Tech

Review: PolarPro Cinema Series filters

10.25.2017

Review: PolarPro Cinema Series filters

Drone videos have come a long way. Just a few years ago, warped, shaky, low-altitude drone video was so new it was mind blowing. Times have changed.

Today, drone operators are able to capture stunning, stabilized aerial videos with camera systems that get better with each new drone that hits the market. If you want a piece of this action, you’ll want to consider purchasing a set of neutral density (ND) filters to add to your drone’s carrying case.

Videos are simply large collections of individual image frames. If the shutter speed of those individual images is high, the resulting video will usually display some non-ideal visual artifacts. Most notable is the “Jello effect,” where a beautiful field of grass becomes a shimmering, distracting sea of movement on replay.

The initial design of the Shutter Collection filters, pictured here, could stop the Mavic's start-up self test if not seated carefully. The redesign, top, solves the issue.
© Justin Moore
The initial design of the Shutter Collection filters, pictured here, could stop the Mavic's start-up self test if not seated carefully. The redesign, top, solves the issue.

 

To combat this, PolarPro created the Cinema Series—a collection of ND and polarizing filters for the DJI Mavic Pro and Phantom 4 Pro drones. You immediately get a sense of the filters’ high quality when you open the package. The filters are enclosed in gold bezels that project solid design quality, and the set comes with a reusable case.

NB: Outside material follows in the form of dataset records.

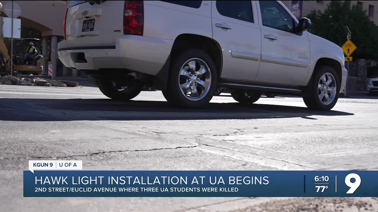 TUCSON, Ariz. (KGUN) — Construction is underway on Euclid Avenue and 2nd Street, near the University of Arizona to install a pedestrian-hybrid beacon, also known as a HAWK light, at one of the busiest crosswalks on campus.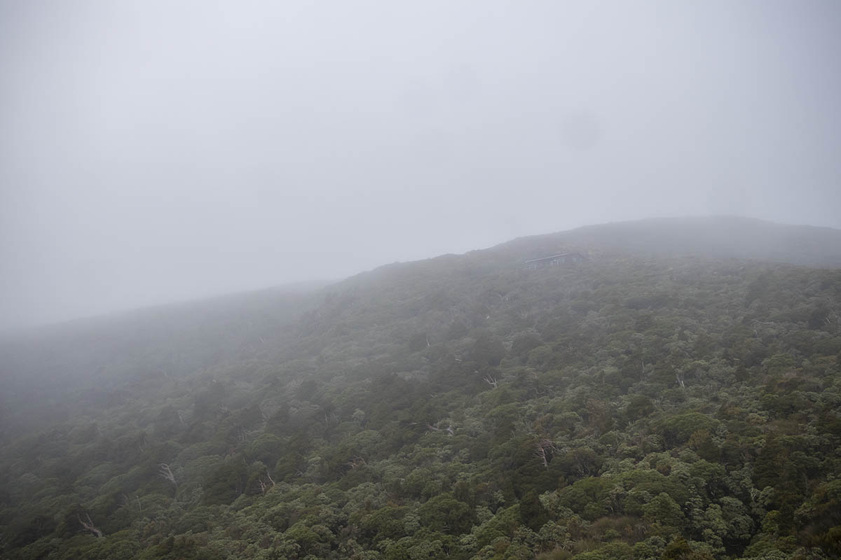 sciencelens_8078s Published June 18, 2017 at 1200 × 800 in A tail in three parts – Pouakai Crossing ← Previous Next → Pouakai Hut only just visible in the mist.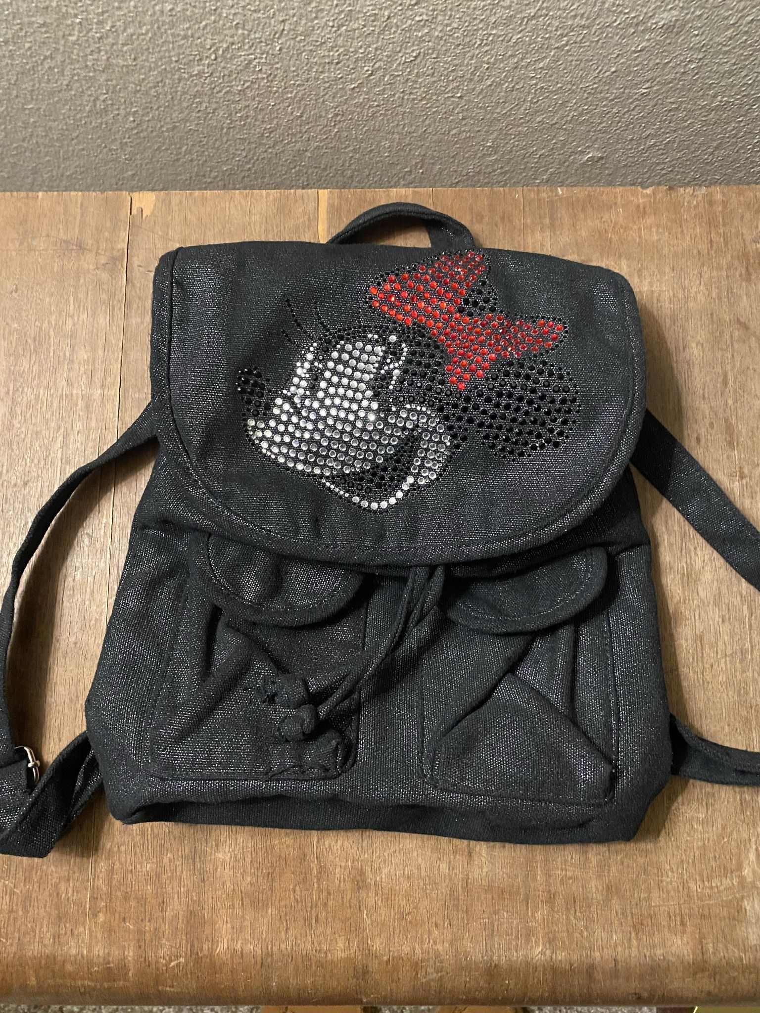 Black canvas material clean open package never used NOT A FULL SIZE SCHOOL BACKPACK… this is more purse size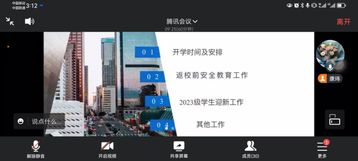 召开了2023年秋季研究生开学主题班会,通过线上会议的方式,分别在研究生新生班级和老生班级召开。两场会议由学院研究生会主席尚玉豪同学主持,康玮辅导员主讲,对秋季开学的工作安排和返校注意事项进行详细说明,为顺利开展返校工作做好充分准备。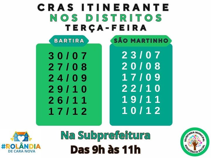 A secretaria de Assistência Social informa que os usuários dos serviços dos Centros de Referência da Assistência Social (CRAS) da Vila Oliveira, Nobre e San Fernando vão ter um atendimento diferenciado nesta s...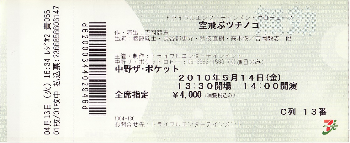 舞台「空飛ぶツチノコ」チケット半券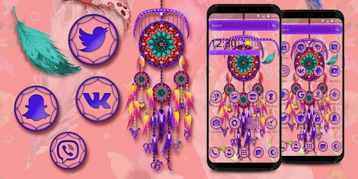 Перед установкой темы Ловец снов вам необходимо сначала установить Launcher. Есть тысячи бесплатных тем с иконками пурпурный и обоями розовый, например, динамические 3-D темы, темы единства, гравитации, параллакса и виртуальной реальности. Вы можете легко сменить стиль вашего устройство в соответствии с вашим любимым стилем. Наслаждайтесь Launcher!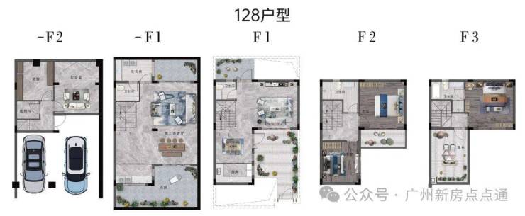 『户型鉴赏』【128㎡户型】联排设计、前庭后院、观星露台、采光与私密性极佳;超高附赠率,有天有地有花园,私家车位入库!(以下图片和视频仅作参考,实际交付为毛坯)

The Shutter Collection includes ND8, ND16, and ND32 filters. The 16 and 32 filters are true light killers, only to be used in the brightest of conditions. You’ll likely find that the ND8 is the filter you’ll use most to help you achieve videos with a cinematic look. In most cases, you can accomplish this by shooting video at a shutter speed that is twice the video frame rate. For a 30-frames-per-second video, for example, you’re looking to have a shutter speed of 1/60 second.

Do these filters work? Absolutely. The dark, multi-coated glass reduces harsh glare and brings shutter speeds down to manageable levels.         

No noticeable image quality is lost, which is a testament to the filter quality. The end result is an ability to capture smooth, cinematic aerial videos without artifacts.

Mounting a filter is simple. The Phantom 4 Pro filters screw into place on the camera (after you remove the clear filter that comes with the drone). I tested an early, chunkier version of the Mavic Pro filters (above). If not carefully seated on the lens, the filter could get in the way and stop the camera from completing its self-test because it stuck out just enough to cause the camera to strike the gimbal. It has been redesigned to fix this issue with the same optics but a sleeker housing (top).

If you want to take your aerial video to the next level, the PolarPro Cinema Series ND and polarizing filters would be a welcome addition to your drone bag. •

Justin Moore is a photographer and pilot in San Antonio, Texas.